As dinâmicas de festa são imprevisíveis e, pouco depois, eu acabei próximo a Leandro, num canto da festa. “Curioso o nome que deram para essa doença, né?”, tentei ser simpático. “Como assim?”, ele saiu dos próprios pensamentos no meio da frase. “Ah, é uma sigla. Achei bem a cara do nosso tempo, em que as pessoas riem escrevendo LOL, hahahaha ou rs.” Ele pareceu se interessar e se aproximou, mas parou a tempo de assegurar a distância. “Será que daria para fazer um estudo sobre os nomes das doenças e o que elas representam às suas épocas?”, ele disse se empolgando, “‘Peste negra’ é um nome bem dramático, digno de uma época em que as pessoas morriam de amor, lutavam por honra, respeitavam reis e o papa.” Sorri e tentei contribuir: “Influenza deve ter alguma coisa a ver com as navegações espanholas.” Ele catou o celular e me corrigiu: “Na verdade, vem do italiano, e, por sua vez, do latim. Foi usada pela primeira vez por um médico italiano para reforçar a relação astrológica com os estados de espírito e as doenças.” “Que loucura!” “Quer dizer que você não acredita em astrologia?” “Você acredita?” “Claro que não! Mas achei curioso você não acreditar. Hoje em dia, todo mundo acredita.” “Eu só acredito profissionalmente: tenho que me manter antenado no que as pessoas gostam, querem, precisam...” “Publicitários...” “Alguém tem que vender aquilo que ninguém compraria caso ninguém vendesse!” Os dois rimos e percebemos que estávamos muito mais próximos que a distância segura apregoava. Na verdade, estávamos nos encostando. Ficamos um pouco sérios, o que no caso do Leandro ressaltava ainda mais seu maxilar quadrado e o queixo pontudo, uma versão com acabamento pouco delicado do super-homem dos quadrinhos.

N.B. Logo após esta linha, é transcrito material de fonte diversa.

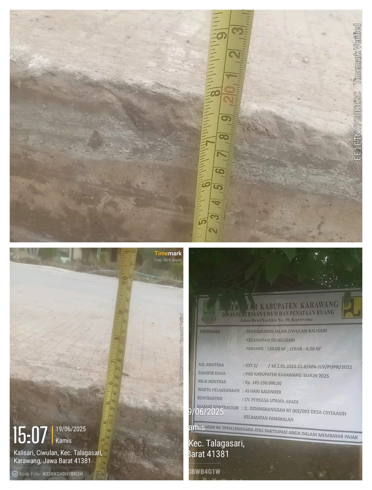 Proyek peningkatan jalan Ciwulan- Kalisari kecamatan telagasari Kabupaten Karawang Jawa barat di duga melenceng dari aturan, proyek peningkatan jalan dengan volume panjang 130 meter ,lebar 4 meter dengan waktu pelaksana 45 hari kalender yang di kerjakan oleh kontraktor menggunakan CV PERKASA UTAMA Kamis (19/6/2025)
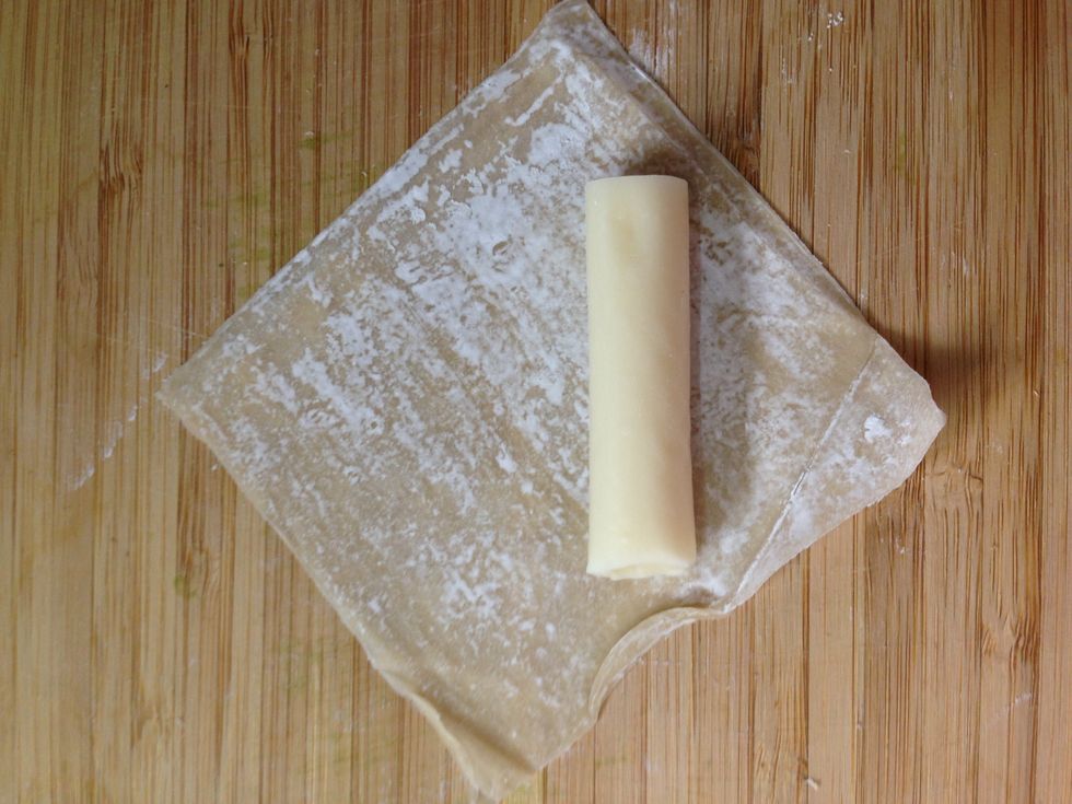 To assemble mozzarella sticks, place a wonton wrapper on the counter in a diamond shape. Place the string cheese at the bottom of the diamond.

Naquele momento, alguma coisa aconteceu em mim e eu não sei bem explicar a razão. Talvez o gin, talvez a proibição da proximidade, talvez a minha separação estivesse batendo diferentemente. Eu fiz um carinho no rosto dele. Passei os dedos da minha mão pela testa, depois fronte, depois bochecha, maxilar e queixo. Ele deixou. Foi estranho. No momento em que eu o toquei, vários sentimentos me preencheram, muitas vezes conflitantes, mas ele mordeu mais forte e vi um músculo do rosto se retesar, aí olhei para o pescoço e percebi outro músculo que estava tenso, teso. “Vamos para o banheiro?” Tenho certeza de que não fui eu a convidar, mas ele também não tinha falado nada. Eu devo ter dito sem nem perceber – o gin estava fazendo mais efeito que eu poderia controlar.

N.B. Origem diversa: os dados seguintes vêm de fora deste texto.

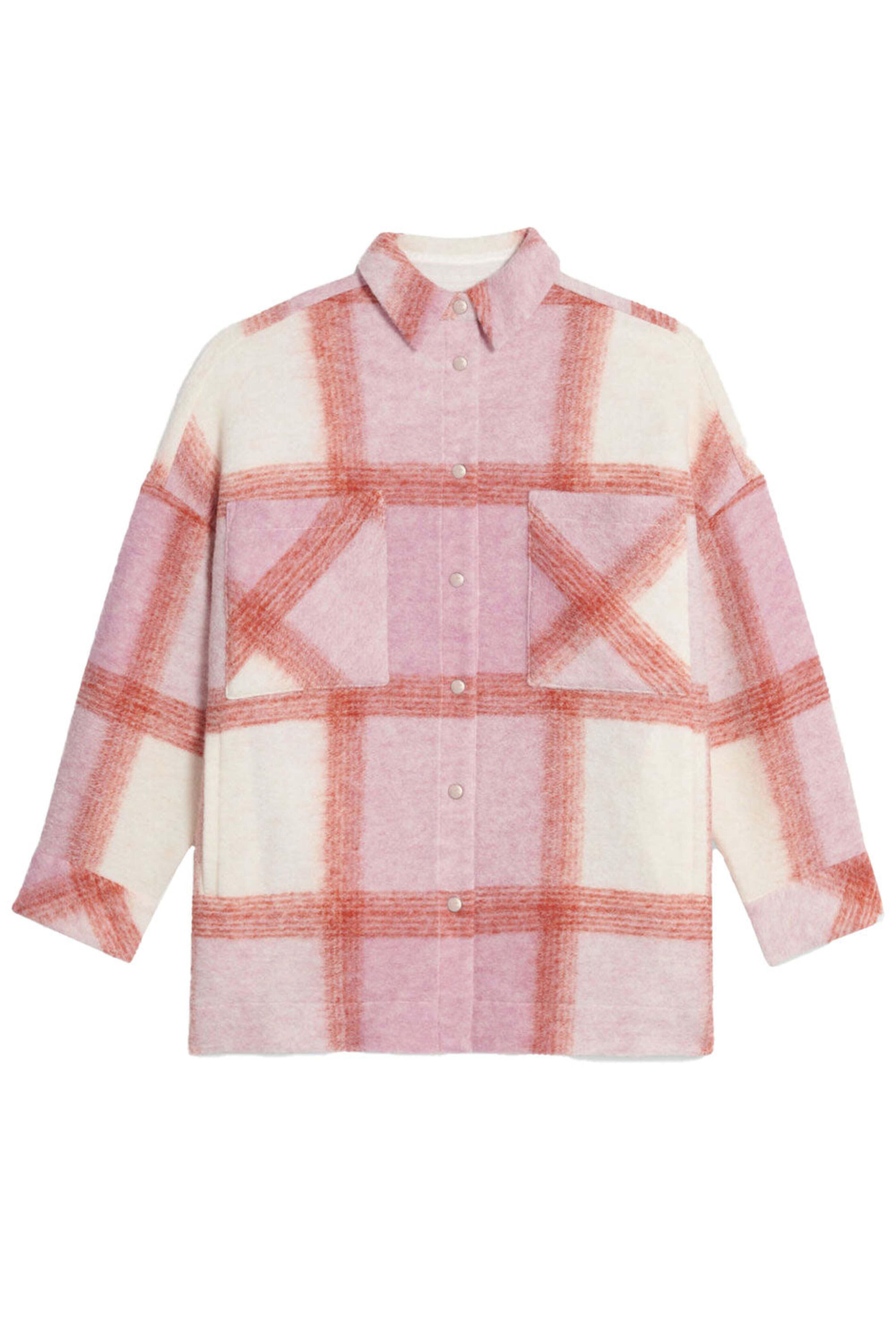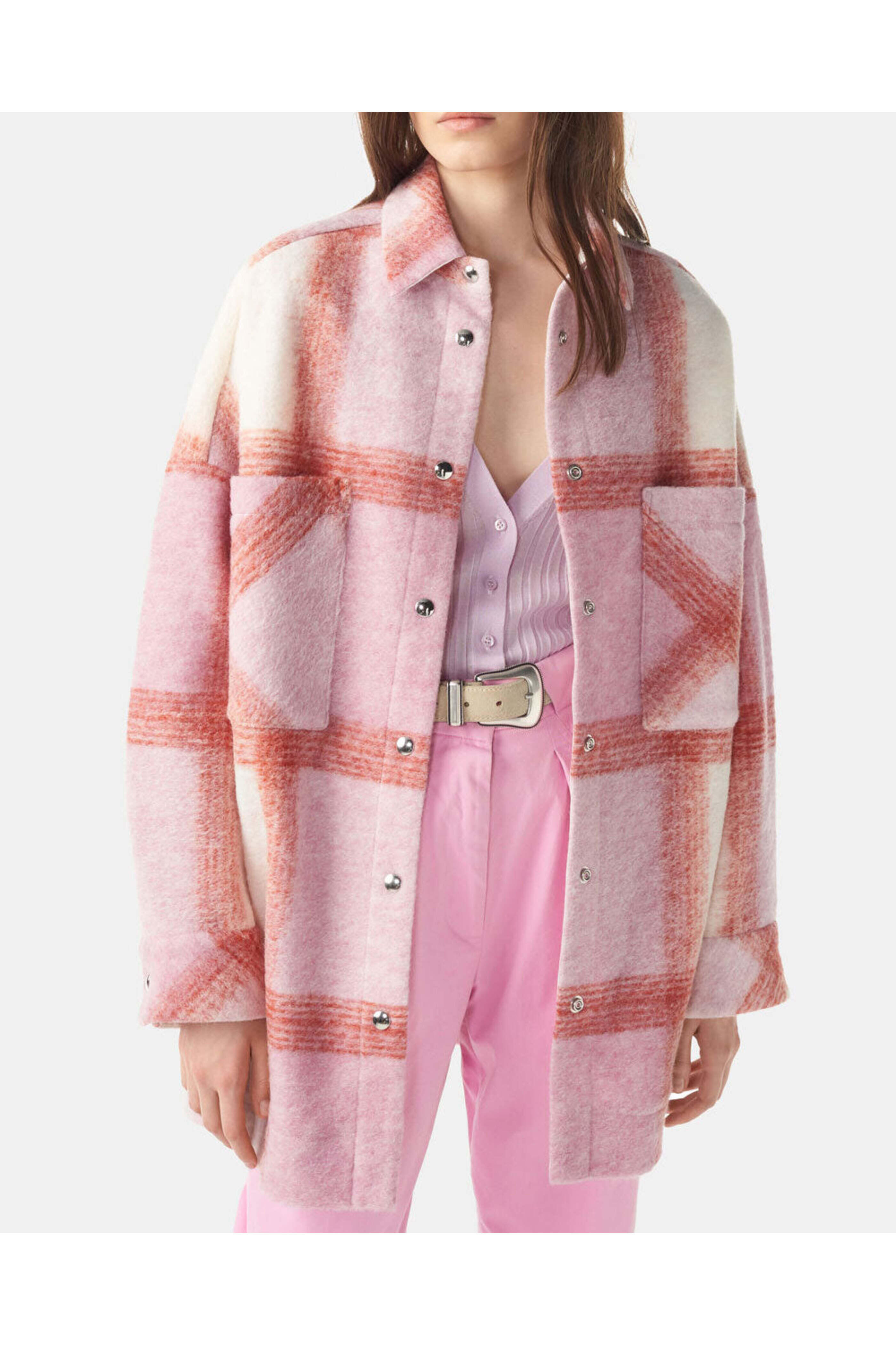 IRO Light Pink Lemina Shirt Jacket. Collar. Long Sleeve; button cuff. Snap button closure. Front chest pockets. Side seam pockets. Oversized fit. Lined. 60% wool, 35% polyester, other fibers outer, 51% cotton, 49% viscose lining.

Nos agarramos de verdade no banheiro, com uma violência que nenhuma mulher que eu conheci já tinha colocado em ato, e em seguida, um apagão da minha memória. Amnésia etílica, suspeito. Não lembro muito bem até onde fomos, só sei que assim que saímos de lá, eu resolvi ir embora, sem me despedir de ninguém, sem falar nada. Tropeçando escada abaixo, peguei o primeiro táxi que passou, e, ao chegar em casa, me joguei na cama, ainda de roupa e sapato.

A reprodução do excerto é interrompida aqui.